When I lived in Texas it was difficult because I had made friends already before I went raw vegan. My mistake was attempting to make those friends understand and accept my new lifestyle. The difference this time around is that I can start creating my new circle of friends exactly the way I want it to be. Instead of people who think BBQ’s are a great way to have fun (and, honestly, there is absolutely NOTHING wrong with that – it just isn’t my idea of a good time), I can begin anew and make friends with people who feel the way I do about life.
I’m much better at staying healthy when I have some way of recording it publicly. I don’t write this down for anyone else. I write it down for me. It’s a way to keep myself accountable. If I write it down, it’s recorded. I can go back and see how many times I’ve messed up. I can visually see what I’ve done wrong. If I don’t keep a record, it’s easy to forget and repeat my mistakes over and over. It’s a sure way to prevent myself from succeeding.

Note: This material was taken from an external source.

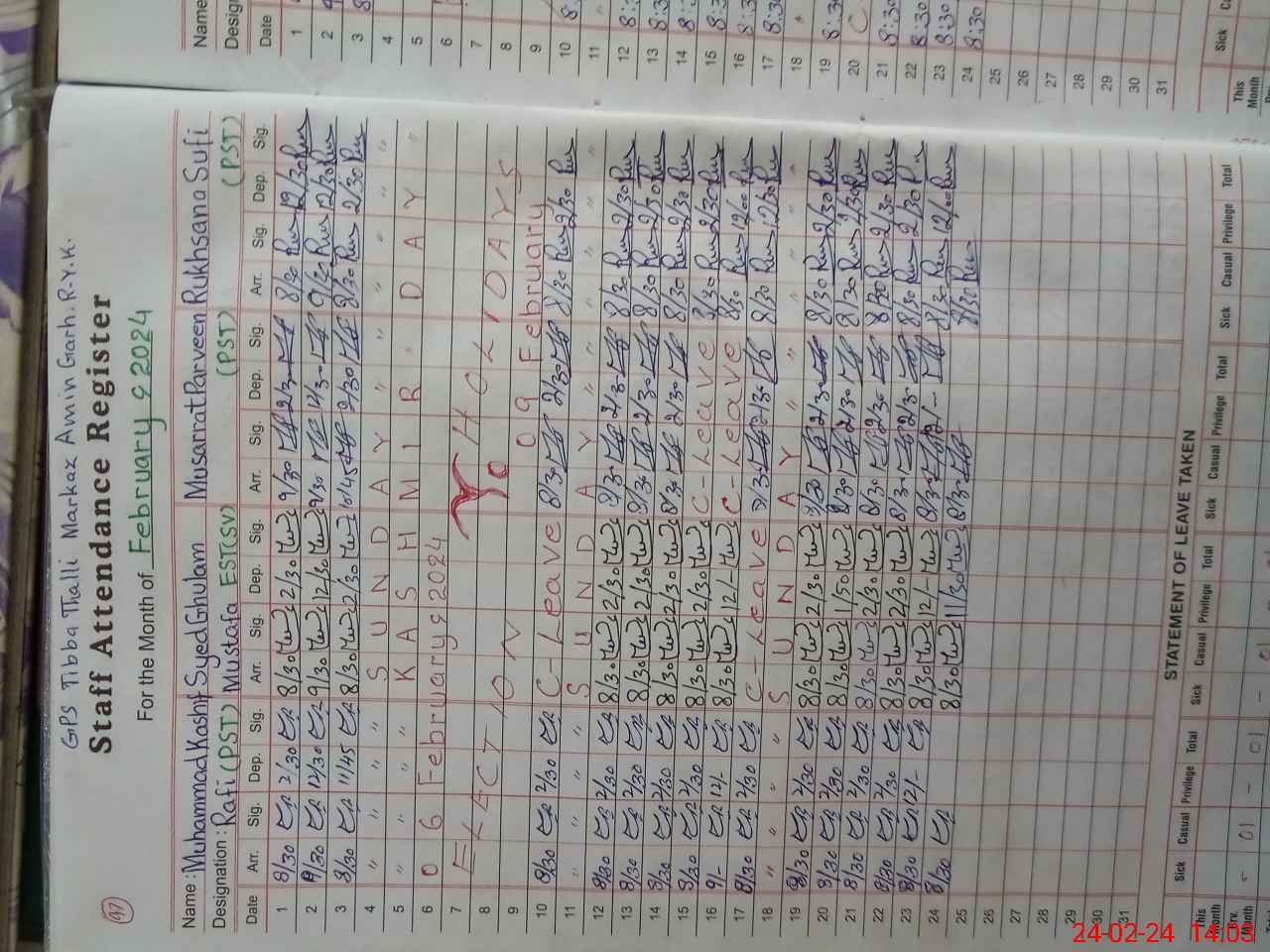 | CNIC | Full Name | Designation | R/C | Absence During Last Calender Month |
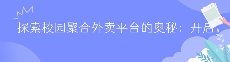探索校园聚合外卖平台的奥秘:开启便捷校园生活新时代

So let’s begin anew. Starting over from page one, yet again. I am in a new city. I am incorporating a new mindset. I’m getting a new place. It is the perfect time to start over and begin creating new, positive habits.
The only thing stopping me is myself. The most important lesson I’ve learned throughout the years is that I am the only person responsible for myself. My significant other is not responsible for me. My parents, siblings or friends aren’t responsible for me. No one is. There is only me.
Our choices define us.
Who am I choosing to be in every moment?
All I have to do is decide. Remember: not deciding is deciding.
Make up your mind and just do it.
Easier said than done, right? It shouldn’t have to be. I genuinely want to disprove this saying. It should never be easier said than done. It should be easy to do every time. Why should it be any other way?
Life is amazing. It’s an incredible thing. We should never have to settle for a mediocre life. I want to make it amazing.